Here's what you need to know:

1. London-based health and life insurance company Vitality monitors customers' overall health based on factors like blood pressure, exercise and self-reported happiness. These customers receive incentives, like premium reductions, based on healthy choices they make — which are tracked through purchases and wearable devices.

2. Zurich, Switzerland-based reinsurance company Swiss Re has invested in, a startup that encourages consumers to provide personal data — for example, from social media channels — to receive individualized deals from various businesses.

3. Social media monitoring does not play a role in Swiss Re's overall business model because, according to Reuters, the company would need ethical checks to ensure consent. However, research has suggested that positive tweets are associated with health outcomes, like a reduced risk of heart disease, suggesting this analysis might one day take on a larger role in insurance programs.

4. Critics of these personalized programs argue that they not only have the potential to infringe on customers' privacy, but that individualized pricing undermines the risk-sharing principle of insurance.
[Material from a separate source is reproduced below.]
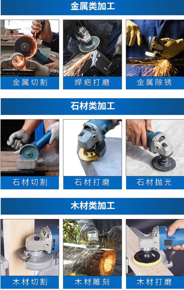 適用于打磨石材、金屬、木材,選用不同的耗材用于不同的作用用途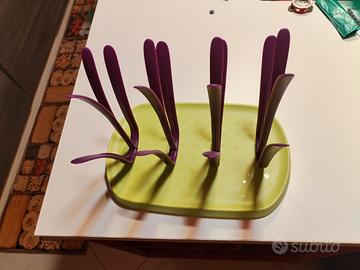 Scolabiberon per scolare ed asciugare biberon, tettarelle, succhietti, accessori per allattamento, stoviglie. Può contenere fino a 8 biberon ed accessori. Le vaschette hanno bordi rialzati per raccogliere l’acqua in eccesso. Chiuso misura solo 33 x 21 x 2,5 cm.

These critics worry that personalized premiums may lead to significant rate hikes, or even coverage denial, for some customers.

"In a relatively short period of time, maybe a few years, most of the major insurers will have integrated lessons from behavioral research," Daniel Ryan, head of digital analytics catalysts for Swiss Re, told Reuters. "Undoubtedly, it will lead to a different interaction between insurer and policyholders."